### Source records
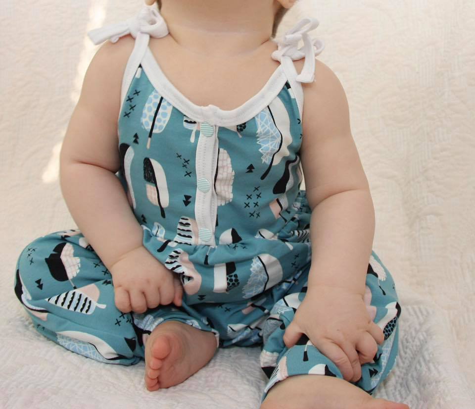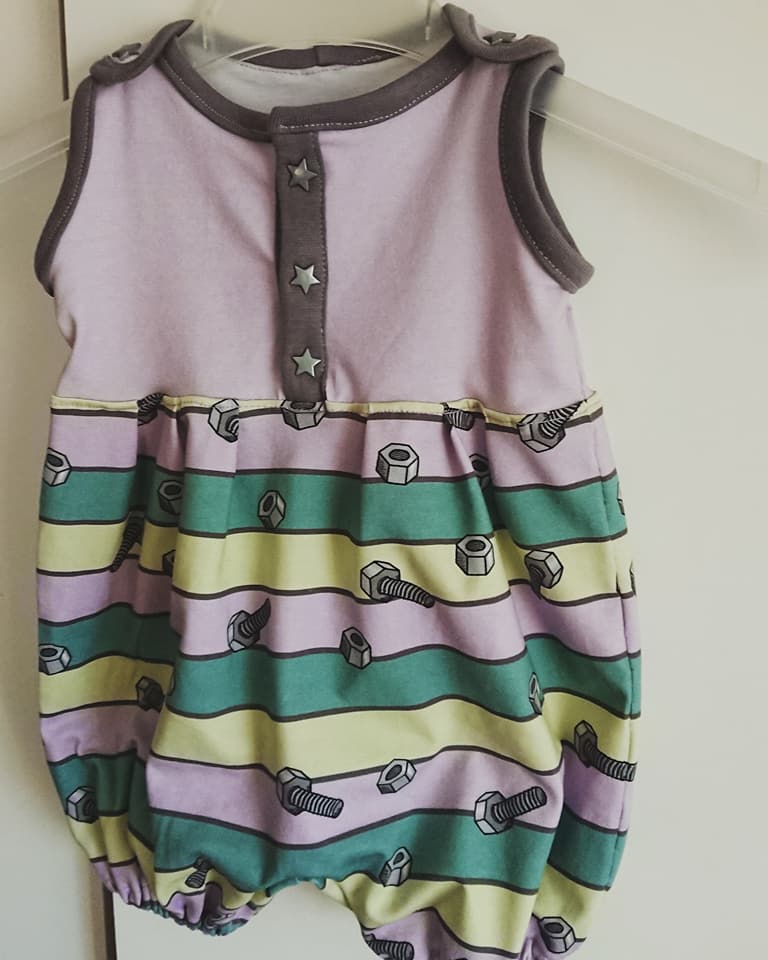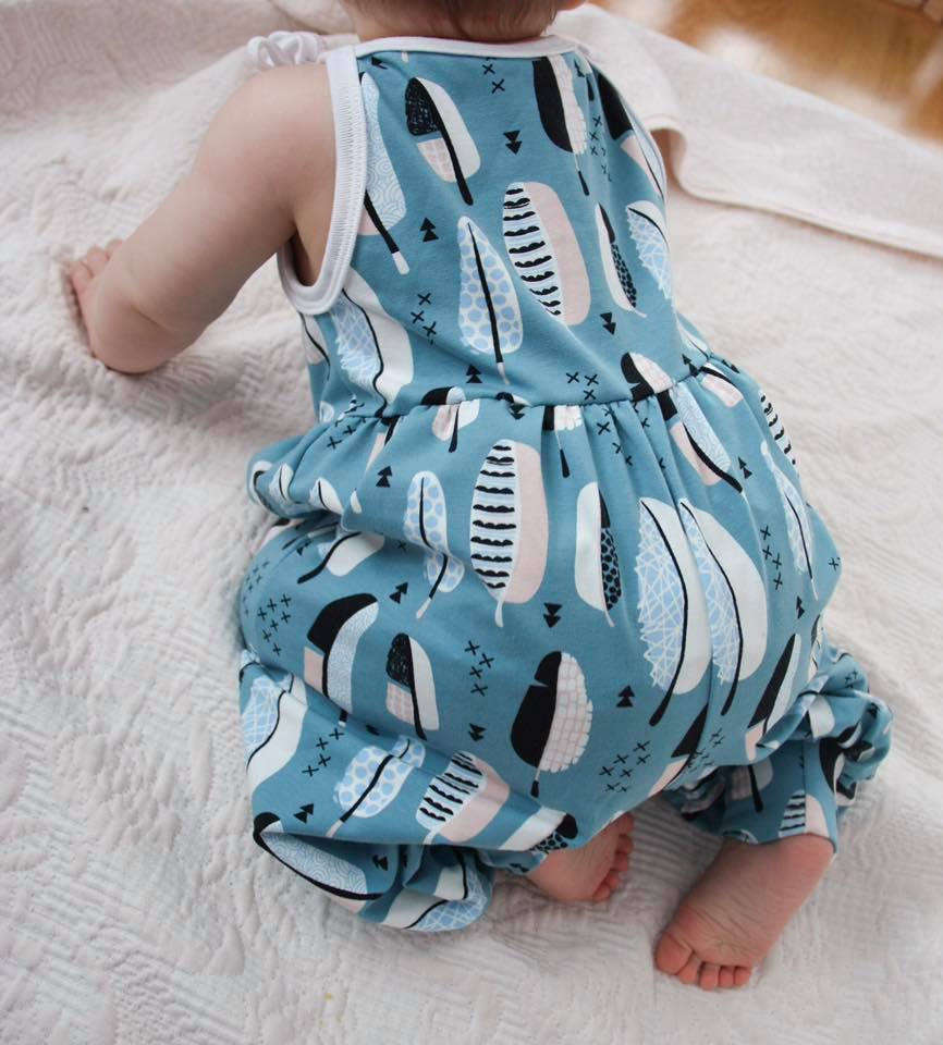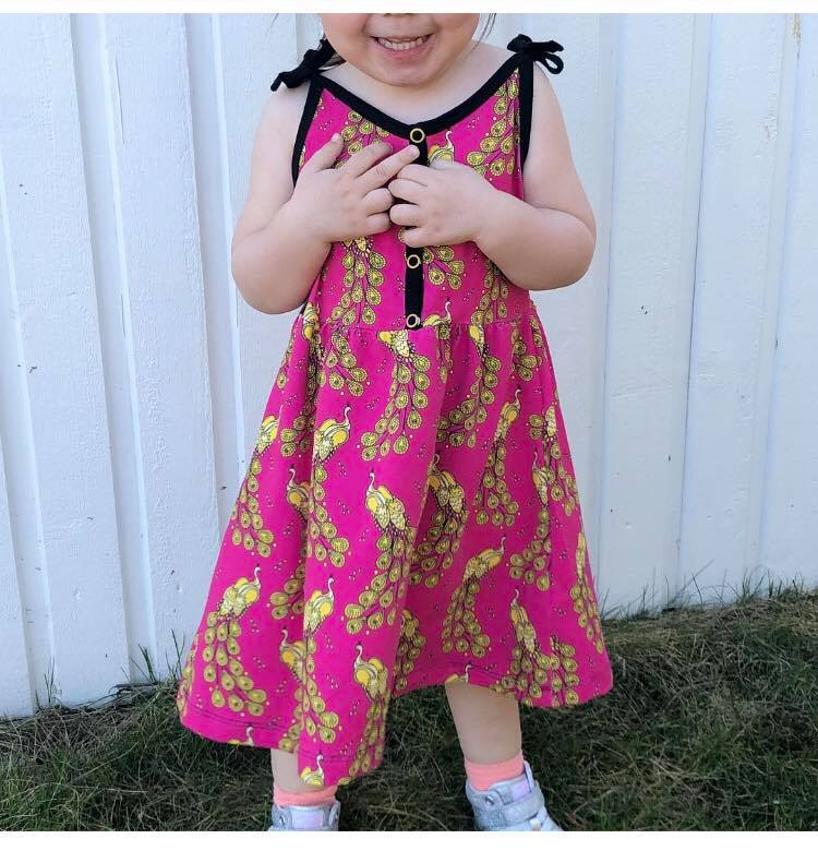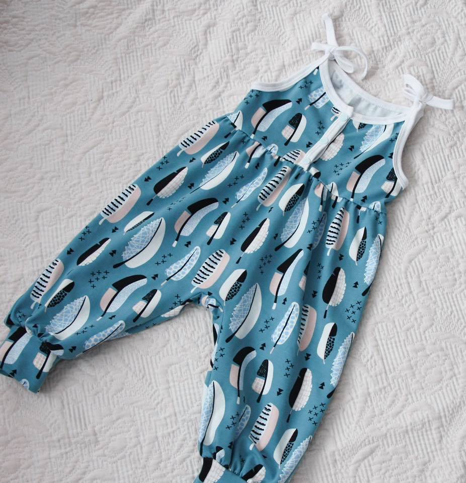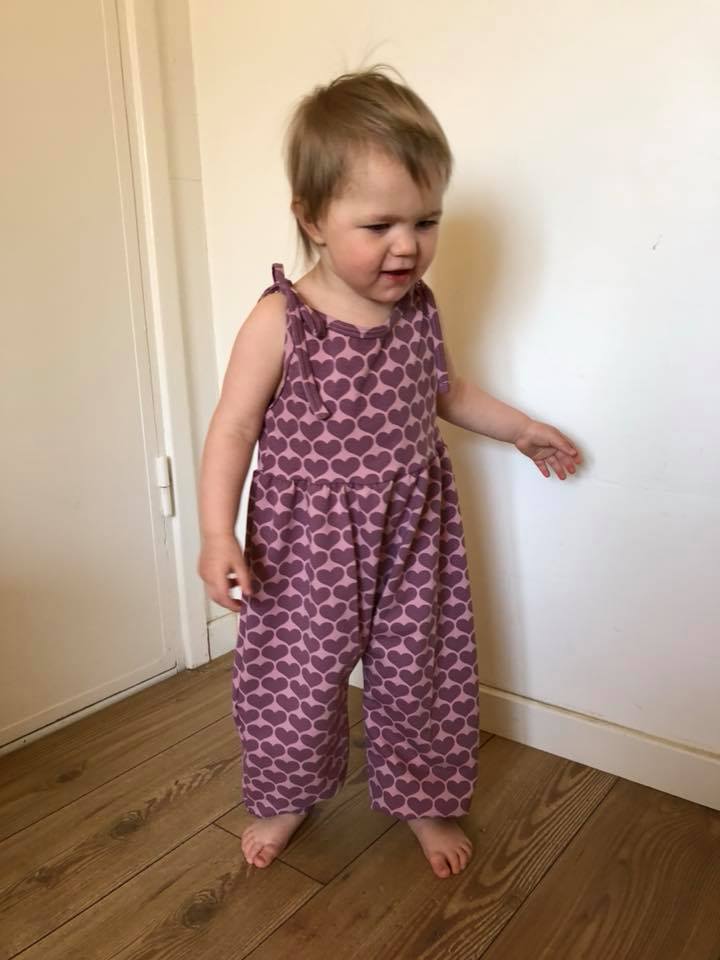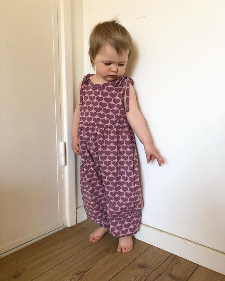 Tracys Tornado Jumpsuit är en solklänning/byxdress med ledig passform och söt knäppning fram på livet. Man kan sy den antingen med kjol, korta ben med kantband eller resårkanal eller långa ben med muddavslut. Axelbanden kan göras med eller utan knyt, och grenen antingen med söm eller med knäppning för enkla blöjbyten/toalettbesök.
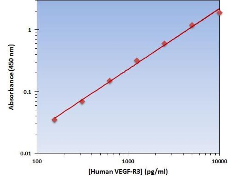 - This particular immunoassay utilizes the quantitative technique of a Sandwich Enzyme-Linked Immunosorbent Assay (ELISA) where the target protein (antigen) is bound in a sandwich format by the primary capture antibodies coated to each well-bottom and the secondary detection antibodies added subsequently by the investigator. The capture antibodies coated to the bottom of each well are specific for a particular epitope on the Human VEGF-R3 cytokine while the user-added detection antibodies bind to epitopes on the captured target protein. Amid each step of the procedure, a series of wash steps must be performed to ensure the elimination of non-specific binding between proteins to other proteins or to the solid phase. After incubation and sandwiching of the target antigen, a peroxidase enzyme is conjugated to the constant heavy chain of the secondary antibody (either covalently or via Avidin/Streptavidin-Biotin interactions), allowing for a colorimetric reaction to ensue upon substrate addition. When the substrate TMB (3, 3’, 5, 5’-Tetramethylbenzidine) is added, the reaction catalyzed by peroxidase yields a blue color that is representative of the antigen concentration. Upon sufficient color development, the reaction can be terminated through addition of Stop Solution (2 N Sulfuric Acid) where the color of the solution will turn yellow. The absorbance of each well can then be read by a spectrophotometer, allowing for generation of a standard curve and subsequent determination of protein concentration.
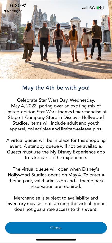 - Per a notification on the My Disney Experience app, you’ll be able to celebrate Star Wars Day on Wednesday, May 4th with an exciting mix of limited-edition Star-Wars-themed merchandise at Stage 1 Company Store in Disney's Hollywood Studios.
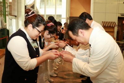 王人澍副院長頒發獎品並指出,醫護是一家人,有護理同仁的陪伴、協助、笑容還有對病人的服務,才能讓醫療工作順利進行。不到卅分鐘聚會,醫師承擔所有佈置場地、負責音控與招待工作,中醫部陳建仲主任最後帶領所有醫師雙手合十,向護理師致上誠摯的謝意,把「感恩、尊重、愛」的精神延續到中醫門診。
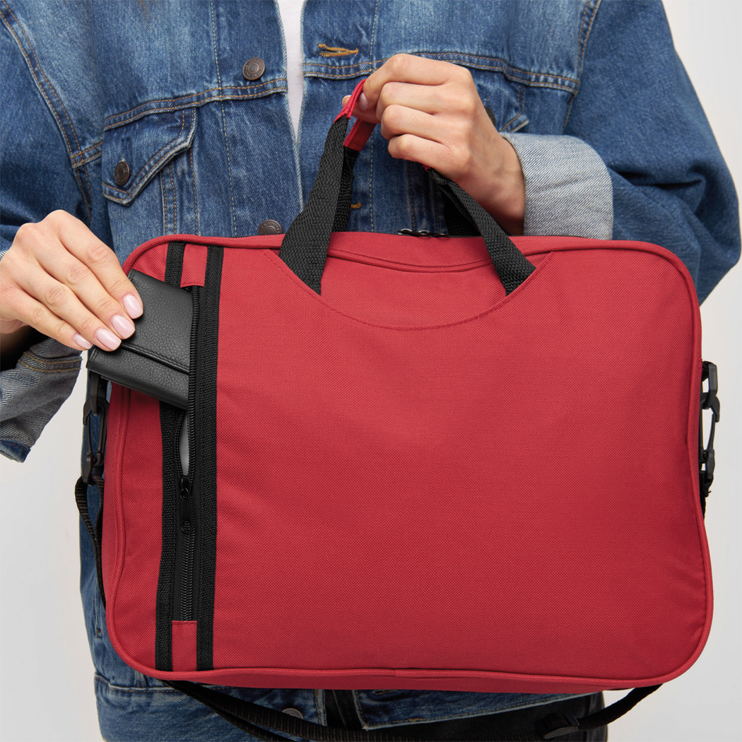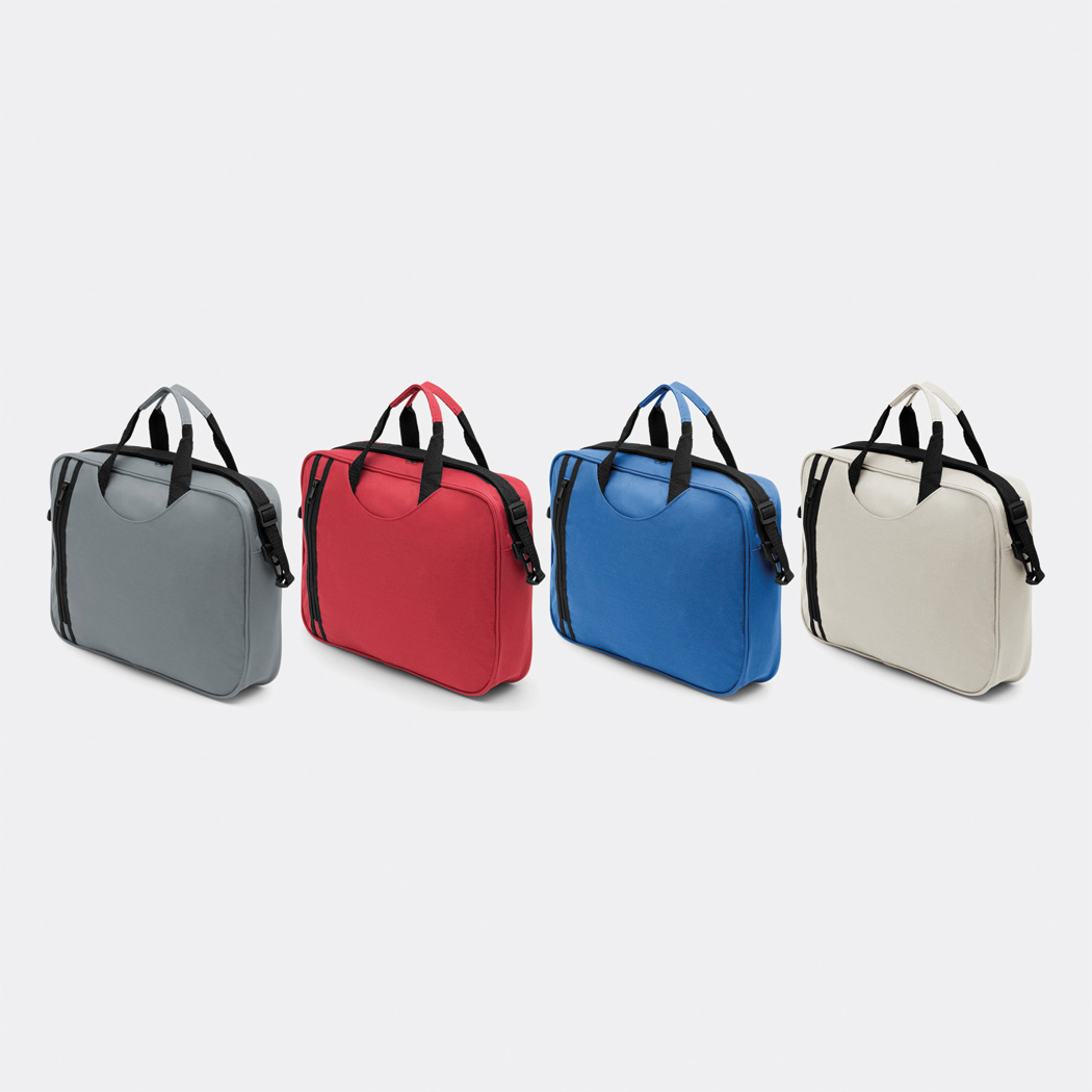Dokumententasche BUSY: vertikales Reißverschluss-Vorfach, Einsteckfach vorne, Reißverschluss-Hauptfach, verstärkte Tragegriffe, verstell- und abnehmbarer Schultergurt
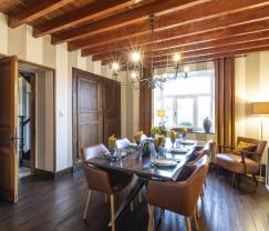 Dit huis bevat nog heel wat elementen uit het verleden: Ardense steen, oud parket, prachtige deuren, cementtegels ... Een stukje geschiedenis, kortom! En over die geschiedenis vertellen de eigenaars je graag meer, inclusief foto's uit vervlogen tijden. De decoratie en de indeling geven dit vakantiehuisje een moderne twist die de charmante uitstraling alleen maar ten goede komt. Met toetsen van zwart en wit fluweel – kleuren die de eigenaars heel zorgvuldig kozen – ademt het interieur een gastvrije vibe.
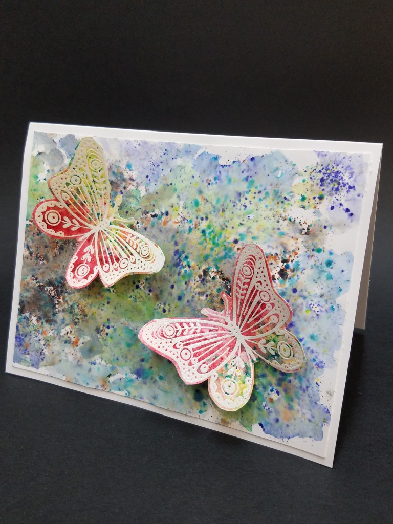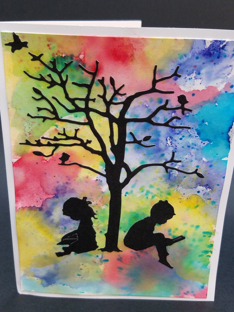 Today we had a ‘play’ with Brusho, a highly pigmented watercolour powder which goes a long way. We learnt four different ways of using Brusho and it was exciting to see the different effects we all got. Below four of the cards produced. Book in to have a go yourself, we would love to see you! We have ten different colours in store at the moment if you would like to purchase to have a play at home. One benefit is it washes off your clothes with water!!
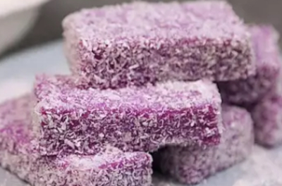【椰蓉紫薯糕】食材:紫薯200克、酸奶120克、牛奶500克、玉米淀粉80克、白砂糖40克、椰蓉適量。
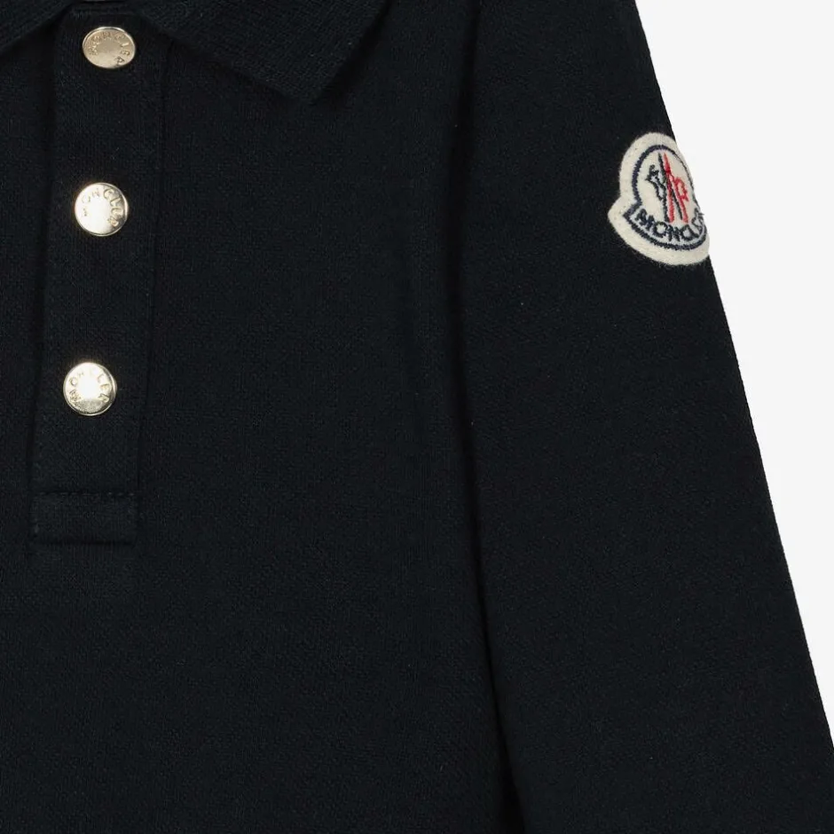 A lovely navy blue polo dress for baby girls by luxury brand Moncler Enfant. Made in soft and comfortable cotton piqué, it has a dropped waist and a sweet pleated skirt. The signature felt patch is stitched on one of the long sleeves and there are embossed gold popper fastenings on the front.

### Work task
To complete this exercise, transcribe exactly the lines above from the one that holds "- Per a notification" through the one that holds "Dokumententasche BUSY: vertikales". Pictures stay out.

### Response to the exercise
 - Per a notification on the My Disney Experience app, you’ll be able to celebrate Star Wars Day on Wednesday, May 4th with an exciting mix of limited-edition Star-Wars-themed merchandise at Stage 1 Company Store in Disney's Hollywood Studios.
 王人澍副院長頒發獎品並指出,醫護是一家人,有護理同仁的陪伴、協助、笑容還有對病人的服務,才能讓醫療工作順利進行。不到卅分鐘聚會,醫師承擔所有佈置場地、負責音控與招待工作,中醫部陳建仲主任最後帶領所有醫師雙手合十,向護理師致上誠摯的謝意,把「感恩、尊重、愛」的精神延續到中醫門診。
Dokumententasche BUSY: vertikales Reißverschluss-Vorfach, Einsteckfach vorne, Reißverschluss-Hauptfach, verstärkte Tragegriffe, verstell- und abnehmbarer Schultergurt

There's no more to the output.